Records for this task Block Start
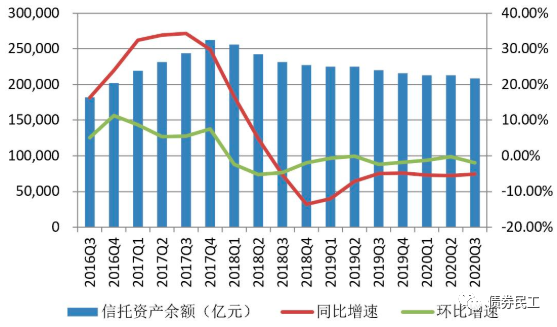 根據(jù)中國(guó)信托業(yè)協(xié)會(huì)的官方數(shù)據(jù),截至2020年3季度末,信托業(yè)受托管理的信托資產(chǎn)余額為20.86萬(wàn)億元,較年初減少7,432.79億元,同比下降5.16%;信托資產(chǎn)余額較2季度末減少4,182.31億元,環(huán)比下降1.97%。國(guó)內(nèi)的信托資產(chǎn)規(guī)模已經(jīng)是連續(xù)第11個(gè)季度下降。
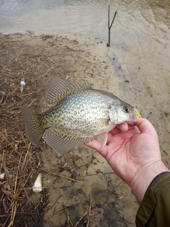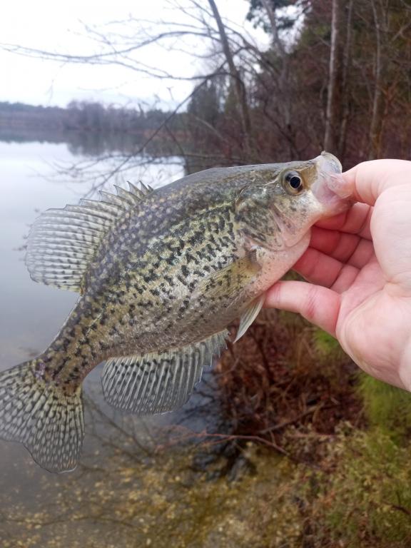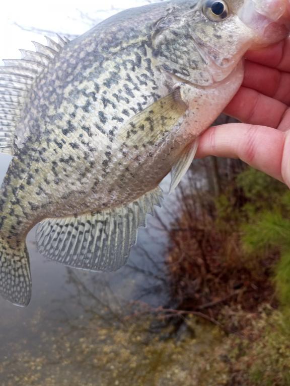 Was called to do my civic duty yesterday for the city, was cut out at 12:45 so i took a ride down to atlantic county. Had 2 real nice slabs before the rain & wind made casting impossible. Waited it out & dried off in the vehicle & hiked up the otherside of the lake, was rewarded with a nice catch of solid sacalait. had them trying to eat the float a few times but they wouldn't hit a topwater
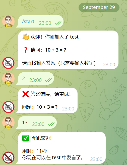 我要开发这样的一个telegram机器人机器人在群组中工作当机器人检测到有新成员加入时, 机器人将新成员设置禁言.机器人要求新成员在与机器人的私聊过程中完成人机检测.如果通过人机检测, 那么机器人解除新成员的禁言状态.人机检测的具体过程是这样的当新成员向机器人发送/start时, 机器人提问, 新成员输入文本回答.
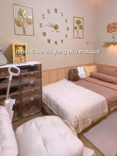 Selain menata dekorasi yang lucu, ia juga menata rapi kamarnya sedemikian rupa. Semua barangnya disusun di tempatnya masing-masing menggunakan laci-laci transparan hingga adanya rak gantung yang terorganisir.
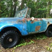Eagle Alloys 15″ wheels are wrapped in 33″ x 12.5″ Thunderer Trac Grip mud-terrain tires, and the front axle is equipped with manually locking hubs. A power-steering system has been added, and the steering box was reportedly upgraded with a larger unit from a Scout II.
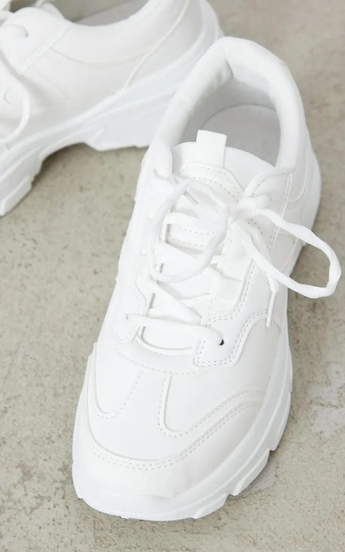 Pair your outfit of the day with these white lace up chunky sole sneakers and amp up your style game. With a white hue material and a chunky sole, these sneakers are the ultimate styling staple. No matter what your occasion is doll, these sneakers are a definite must-have to complete any everyday look.
Records for this task Block End
Task prompt: Everything in the records goes into your answer exactly, except the pictures.

Result of this task:
 根據(jù)中國(guó)信托業(yè)協(xié)會(huì)的官方數(shù)據(jù),截至2020年3季度末,信托業(yè)受托管理的信托資產(chǎn)余額為20.86萬(wàn)億元,較年初減少7,432.79億元,同比下降5.16%;信托資產(chǎn)余額較2季度末減少4,182.31億元,環(huán)比下降1.97%。國(guó)內(nèi)的信托資產(chǎn)規(guī)模已經(jīng)是連續(xù)第11個(gè)季度下降。
 Was called to do my civic duty yesterday for the city, was cut out at 12:45 so i took a ride down to atlantic county. Had 2 real nice slabs before the rain & wind made casting impossible. Waited it out & dried off in the vehicle & hiked up the otherside of the lake, was rewarded with a nice catch of solid sacalait. had them trying to eat the float a few times but they wouldn't hit a topwater
 我要开发这样的一个telegram机器人机器人在群组中工作当机器人检测到有新成员加入时, 机器人将新成员设置禁言.机器人要求新成员在与机器人的私聊过程中完成人机检测.如果通过人机检测, 那么机器人解除新成员的禁言状态.人机检测的具体过程是这样的当新成员向机器人发送/start时, 机器人提问, 新成员输入文本回答.
 Selain menata dekorasi yang lucu, ia juga menata rapi kamarnya sedemikian rupa. Semua barangnya disusun di tempatnya masing-masing menggunakan laci-laci transparan hingga adanya rak gantung yang terorganisir.
Eagle Alloys 15″ wheels are wrapped in 33″ x 12.5″ Thunderer Trac Grip mud-terrain tires, and the front axle is equipped with manually locking hubs. A power-steering system has been added, and the steering box was reportedly upgraded with a larger unit from a Scout II.
 Pair your outfit of the day with these white lace up chunky sole sneakers and amp up your style game. With a white hue material and a chunky sole, these sneakers are the ultimate styling staple. No matter what your occasion is doll, these sneakers are a definite must-have to complete any everyday look.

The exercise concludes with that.